There is good reason to be concerned about the future of academic history and, more generally, the liberal arts. As increasing numbers of Americans seek higher education, colleges are under pressure to serve directly the vocational needs of students and businesses. Recent efforts to defend the liberal arts therefore emphasize the development of “transferable skills.” A liberal education, advocates argue, prepares students for high-level jobs because it fosters critical thinking, analytical skills, and creativity. There is evidence that these skills may be developed more effectively in the liberal arts than in vocational fields.1
It is into this context that current discussions about the future of academic history should be placed. Anthony Grafton and James Grossman, for example, recognize that it will continue to be difficult for history PhDs to find tenure-track positions. In a high-profile essay in Perspectives on History (October 2011) they argue that departments must do a better job preparing doctorate students for careers outside history. Doing so, however, requires doctoral programs to deemphasize the primary purpose of historical study and to highlight the skills gained from graduate work: “doing research; conceptualizing relationships between structure, agency, and culture; combining research and analysis to present arguments with clarity and economy; [and] knowing how to plan and carry out long-term projects.”
The Tuning project proposes similar goals for undergraduates for similar reasons. The first part of the project’s proposed “History Discipline Core” states briefly the desired outcomes of historical study as including “empathetic citizenship” and “effective communication.” The second part identifies a set of “competencies” and “learning outcomes” that history majors should master. If adopted, these competencies and learning outcomes would ensure all undergraduates rich intellectual experiences. They would move our profession beyond the lecture-based “coverage” model by engaging students in active learning, reflecting what we know about how students learn best.2
The risk, however, is that the Tuning process will turn the means into the end of historical study, displacing discussions about why students should study the past in the first place. If we defend studying history primarily in terms of skills, we may divorce history from the intellectual and moral commitments that we bring to our work and hope to pass on to our students. Here, a bit of history might inform.

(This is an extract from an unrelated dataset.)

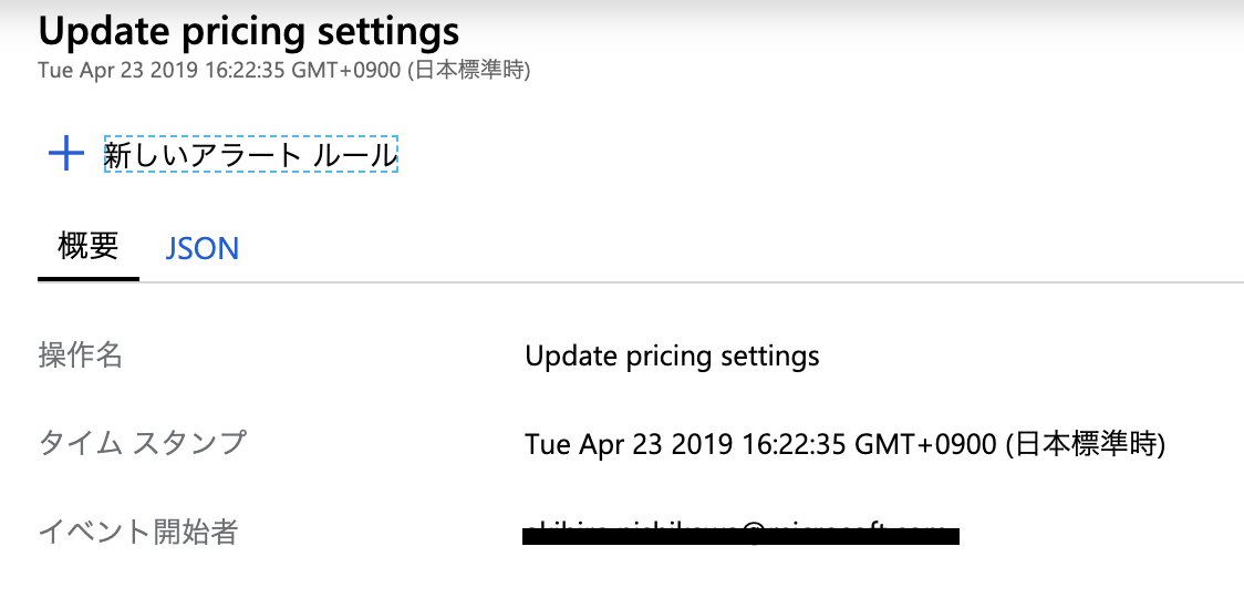 続いて、赤枠で囲んだ「Update pricing settings」を見ると、下図のように、概要タブに時間と誰の操作によるものか記載されていることがわかります。

Back in the 1820s, American colleges were under pressure to offer more practical education for a democratic society. For too long, critics argued, colleges trained students in the arcane study of ancient languages and ideas. Shouldn’t college be useful?

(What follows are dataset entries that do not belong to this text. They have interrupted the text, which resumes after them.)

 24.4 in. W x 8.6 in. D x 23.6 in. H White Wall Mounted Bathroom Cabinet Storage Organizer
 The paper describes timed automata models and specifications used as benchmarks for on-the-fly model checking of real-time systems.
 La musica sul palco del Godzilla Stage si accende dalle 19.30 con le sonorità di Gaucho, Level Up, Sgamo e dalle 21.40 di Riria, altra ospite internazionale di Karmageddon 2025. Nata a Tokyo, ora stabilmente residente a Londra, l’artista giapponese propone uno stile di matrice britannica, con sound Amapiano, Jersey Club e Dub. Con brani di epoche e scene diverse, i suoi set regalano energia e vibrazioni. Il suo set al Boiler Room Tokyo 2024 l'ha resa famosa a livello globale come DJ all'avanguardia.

In response, the trustees and faculty of Yale produced the Yale Report of 1828, a defense, in the report’s words, of “the expediency of retaining the ancient languages, as an essential part of our course of instruction” when the “public now demand, that the doors should be thrown open to all; … that the instruction given to those who are destined to be merchants, or manufacturers, or agriculturalists, should have a special reference to their respective professional pursuits.” The report’s authors sought to convince a skeptical public that learning ancient languages and reading ancient texts remained important.3 To do so, they proclaimed the two principal goals of collegiate education to be “the discipline and the furniture of the mind,” a distinction akin to skills and knowledge.

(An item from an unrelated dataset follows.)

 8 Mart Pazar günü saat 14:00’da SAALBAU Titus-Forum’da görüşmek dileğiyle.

The report was framed in terms of the psychology of the day, in which the mind was seen as composed of distinct faculties. The first goal of college education was “to call into daily and vigorous exercise the faculties of the student.” Subjects should be chosen
which are best calculated to teach the art of fixing the attention, directing the train of thought, analyzing a subject proposed for investigation; following, with accurate discrimination, the course of argument; balancing nicely the evidence presented to the judgment; awakening, elevating, and controlling the imagination; arranging, with skill, the treasures which memory gathers; rousing and guiding the powers of genius.
The report then raised the question that critics of the liberal arts continue to ask: “Why … should a student waste his time upon studies which have no immediate connection with his future profession?” The answer: classical education contributes to “professional skill.” The report defended classical studies in terms that would appeal to those who cared little about liberal education. The reason to study classical languages and texts was not to learn about or from the ancient world, but because “the study itself forms the most effectual discipline of the mental faculties.”
Certainly, Yale’s faculty cared about the broader mission of liberal education. A graduate had “duties to perform to his family, to his fellow citizens, to his country; duties which require various and extensive intellectual furniture.” A person trained for a single profession would be “a man of limited views and attainments.” In contrast, “a mind richly stored with general knowledge, has an elevation and dignity of character, which gives him a commanding influence in society, and a widely extended sphere of usefulness.” Yet the classics were defended primarily because they developed transferable skills, leaving them with no justification at all. By 1869, Harvard’s president Charles Eliot could write in the Atlantic Monthly that the only difference between a student enrolling in a classical curriculum and one studying the modern curriculum is that “one eats beef; another mutton; but both are nourished” since any well-designed program—regardless of subject—could “form, train, and educate the mind.”
Although the idea of “mental discipline” offered the classics life support, by the latter years of the century it sounded, in Caroline Winterer’s words, “increasingly desperate and even ridiculous next to the more obvious and remunerative social utility of engines and bridges.” For a while, prestige and college entrance requirements ensured that Americans would continue to link the classics with being educated. As the number of students learning Latin and Greek declined, however, fewer Americans inhabited a world in which the ancients were vital guides to the present, and the ancient world lost cultural relevance. After 1900, one could be considerededucated without any meaningful foundation in the classics.4
The process by which the classics lost their central place may be repeating itself today. More students attend college but only a small proportion major in the liberal arts; having a college degree no longer signifies knowledge of the liberal arts. The Yale Report‘s context therefore is not so foreign to our own. Critics then—like today—accused colleges of being places “where antiquated notions and habits are retained long after they are discarded by all the world besides.”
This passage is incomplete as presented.